WHAT THE EXERCISE ASKS = Set every entry below down once more, exactly as it stands, without images.
### MATERIAL PROVIDED ###
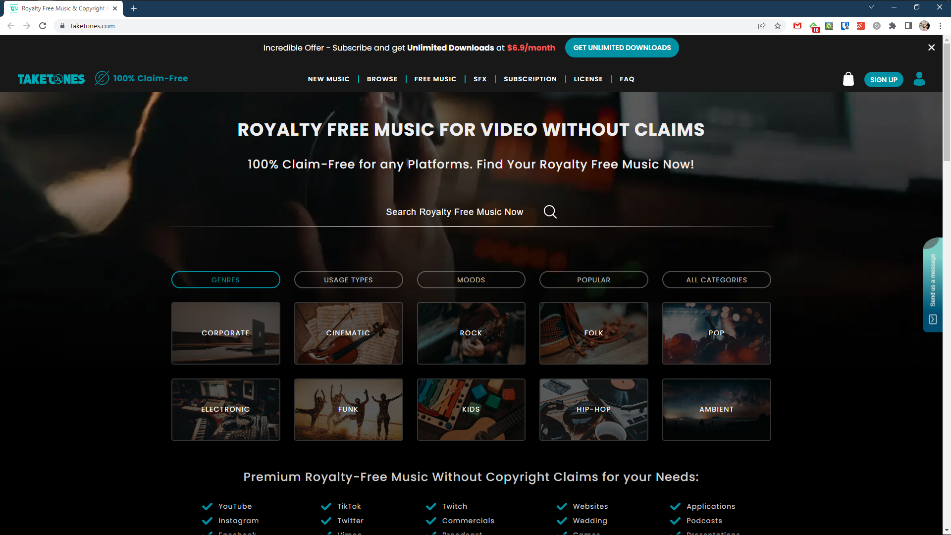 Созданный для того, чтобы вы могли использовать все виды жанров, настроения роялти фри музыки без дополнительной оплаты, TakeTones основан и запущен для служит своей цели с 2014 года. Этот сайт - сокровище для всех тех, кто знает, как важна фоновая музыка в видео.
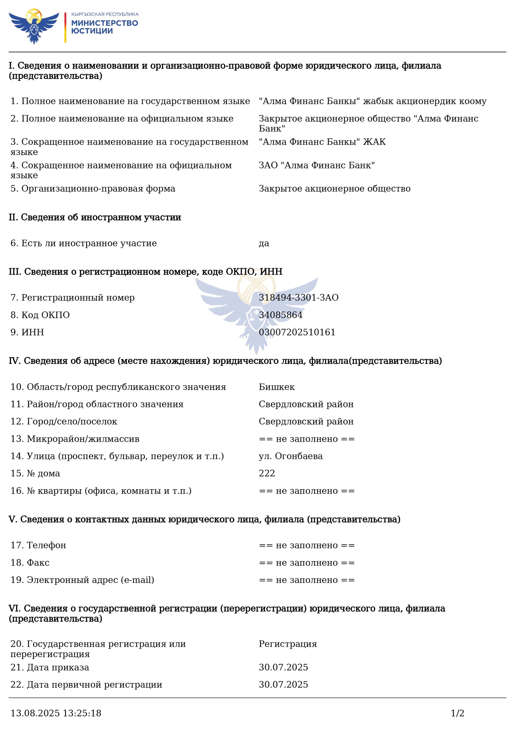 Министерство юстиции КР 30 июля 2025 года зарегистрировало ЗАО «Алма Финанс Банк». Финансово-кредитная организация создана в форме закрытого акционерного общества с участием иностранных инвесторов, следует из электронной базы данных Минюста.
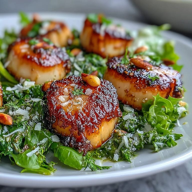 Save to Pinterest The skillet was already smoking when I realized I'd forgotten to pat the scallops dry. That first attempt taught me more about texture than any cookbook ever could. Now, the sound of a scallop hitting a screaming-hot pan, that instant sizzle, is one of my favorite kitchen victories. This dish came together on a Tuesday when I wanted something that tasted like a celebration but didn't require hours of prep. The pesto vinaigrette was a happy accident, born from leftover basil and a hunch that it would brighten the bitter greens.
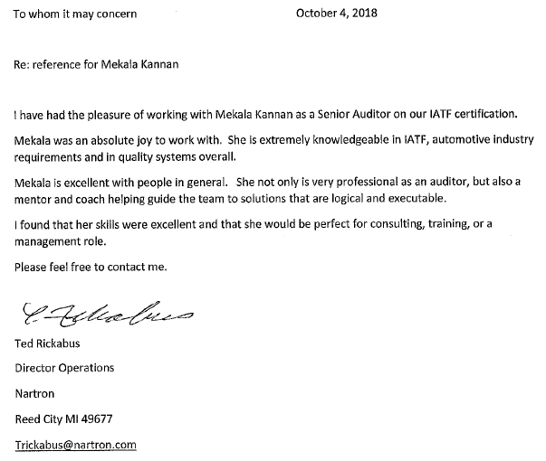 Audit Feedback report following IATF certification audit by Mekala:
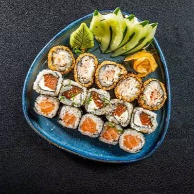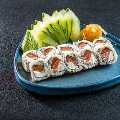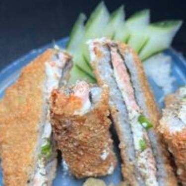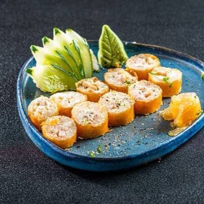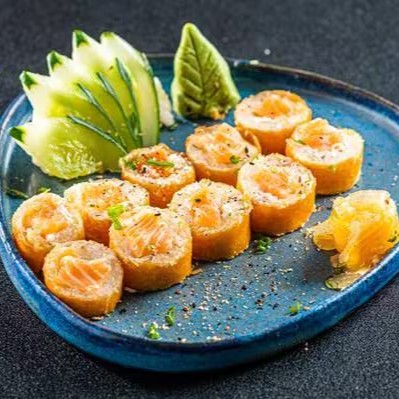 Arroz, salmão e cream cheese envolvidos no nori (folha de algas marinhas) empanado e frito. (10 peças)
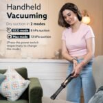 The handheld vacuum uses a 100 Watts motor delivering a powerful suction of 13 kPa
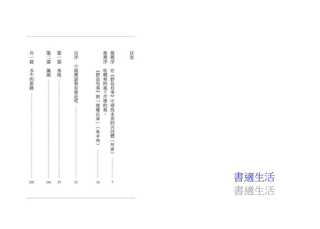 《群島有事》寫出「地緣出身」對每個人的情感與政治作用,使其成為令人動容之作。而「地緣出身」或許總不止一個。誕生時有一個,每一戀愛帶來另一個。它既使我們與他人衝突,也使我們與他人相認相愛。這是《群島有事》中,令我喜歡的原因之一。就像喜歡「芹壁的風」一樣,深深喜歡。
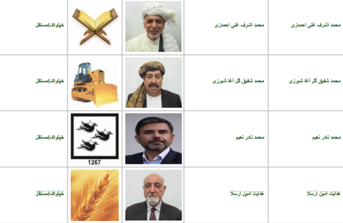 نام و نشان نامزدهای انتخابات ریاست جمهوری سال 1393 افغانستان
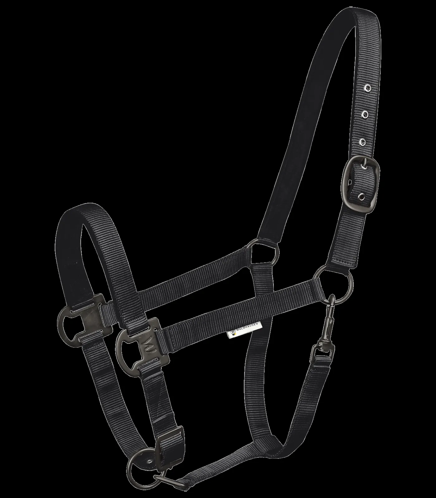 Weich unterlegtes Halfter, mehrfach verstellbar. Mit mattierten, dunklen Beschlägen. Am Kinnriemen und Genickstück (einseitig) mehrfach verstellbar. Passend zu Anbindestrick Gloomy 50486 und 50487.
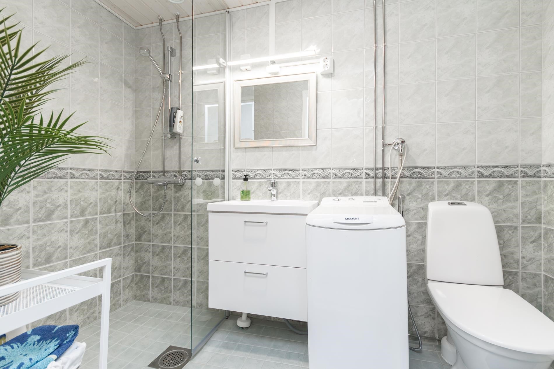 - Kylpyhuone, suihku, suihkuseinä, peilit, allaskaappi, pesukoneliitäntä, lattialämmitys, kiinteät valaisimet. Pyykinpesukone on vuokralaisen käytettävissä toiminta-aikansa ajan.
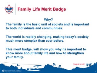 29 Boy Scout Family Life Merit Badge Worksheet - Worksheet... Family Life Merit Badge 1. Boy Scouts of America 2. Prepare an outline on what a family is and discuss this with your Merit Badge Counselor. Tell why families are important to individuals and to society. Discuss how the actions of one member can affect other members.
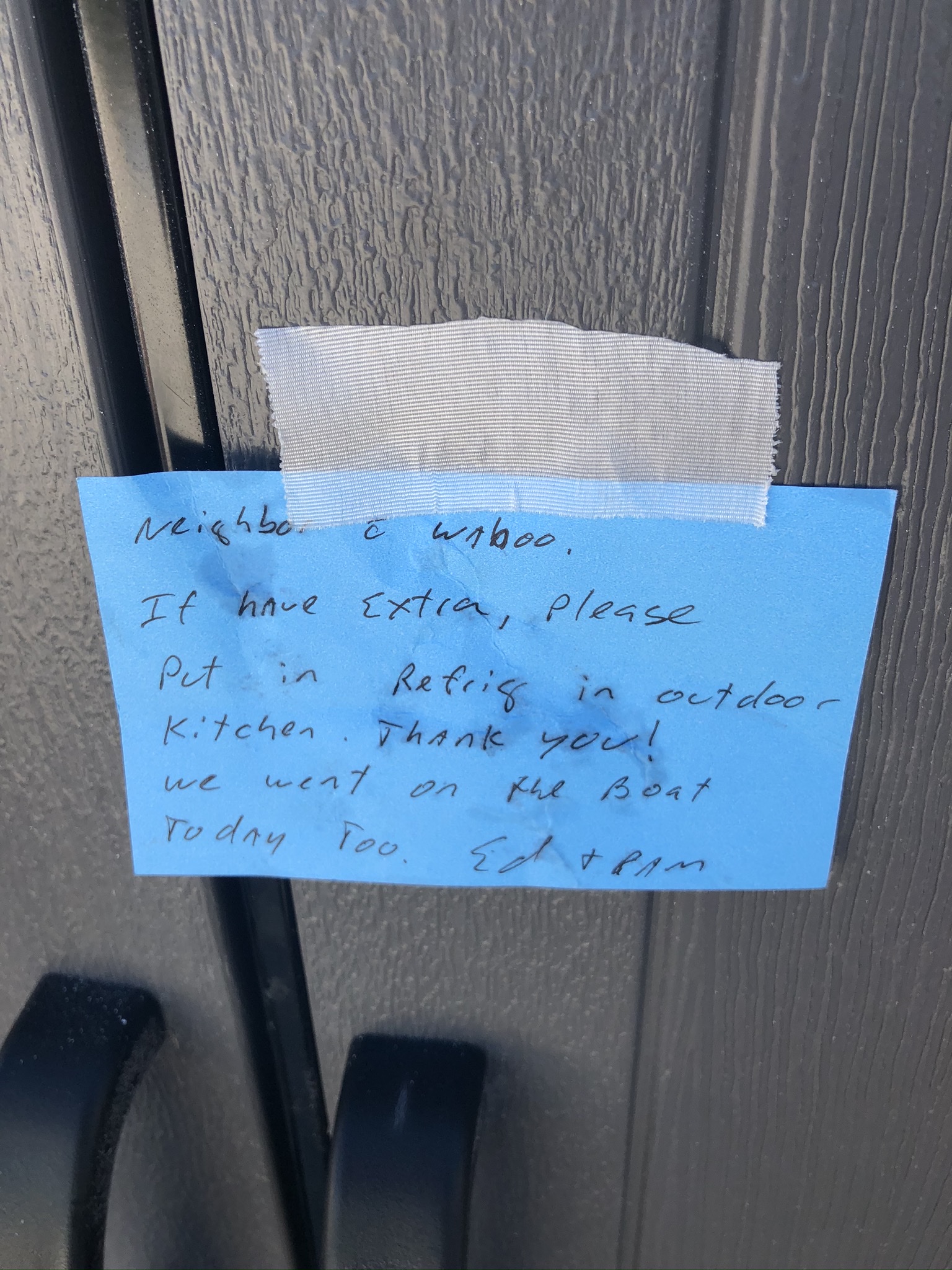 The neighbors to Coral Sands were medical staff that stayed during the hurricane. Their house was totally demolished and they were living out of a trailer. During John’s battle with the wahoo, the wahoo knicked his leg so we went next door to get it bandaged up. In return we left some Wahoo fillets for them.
###
REPLY =
 Созданный для того, чтобы вы могли использовать все виды жанров, настроения роялти фри музыки без дополнительной оплаты, TakeTones основан и запущен для служит своей цели с 2014 года. Этот сайт - сокровище для всех тех, кто знает, как важна фоновая музыка в видео.
 Министерство юстиции КР 30 июля 2025 года зарегистрировало ЗАО «Алма Финанс Банк». Финансово-кредитная организация создана в форме закрытого акционерного общества с участием иностранных инвесторов, следует из электронной базы данных Минюста.
 Save to Pinterest The skillet was already smoking when I realized I'd forgotten to pat the scallops dry. That first attempt taught me more about texture than any cookbook ever could. Now, the sound of a scallop hitting a screaming-hot pan, that instant sizzle, is one of my favorite kitchen victories. This dish came together on a Tuesday when I wanted something that tasted like a celebration but didn't require hours of prep. The pesto vinaigrette was a happy accident, born from leftover basil and a hunch that it would brighten the bitter greens.
 Audit Feedback report following IATF certification audit by Mekala:
 Arroz, salmão e cream cheese envolvidos no nori (folha de algas marinhas) empanado e frito. (10 peças)
 The handheld vacuum uses a 100 Watts motor delivering a powerful suction of 13 kPa
 《群島有事》寫出「地緣出身」對每個人的情感與政治作用,使其成為令人動容之作。而「地緣出身」或許總不止一個。誕生時有一個,每一戀愛帶來另一個。它既使我們與他人衝突,也使我們與他人相認相愛。這是《群島有事》中,令我喜歡的原因之一。就像喜歡「芹壁的風」一樣,深深喜歡。
 نام و نشان نامزدهای انتخابات ریاست جمهوری سال 1393 افغانستان
 Weich unterlegtes Halfter, mehrfach verstellbar. Mit mattierten, dunklen Beschlägen. Am Kinnriemen und Genickstück (einseitig) mehrfach verstellbar. Passend zu Anbindestrick Gloomy 50486 und 50487.
 - Kylpyhuone, suihku, suihkuseinä, peilit, allaskaappi, pesukoneliitäntä, lattialämmitys, kiinteät valaisimet. Pyykinpesukone on vuokralaisen käytettävissä toiminta-aikansa ajan.
 29 Boy Scout Family Life Merit Badge Worksheet - Worksheet... Family Life Merit Badge 1. Boy Scouts of America 2. Prepare an outline on what a family is and discuss this with your Merit Badge Counselor. Tell why families are important to individuals and to society. Discuss how the actions of one member can affect other members.
 The neighbors to Coral Sands were medical staff that stayed during the hurricane. Their house was totally demolished and they were living out of a trailer. During John’s battle with the wahoo, the wahoo knicked his leg so we went next door to get it bandaged up. In return we left some Wahoo fillets for them.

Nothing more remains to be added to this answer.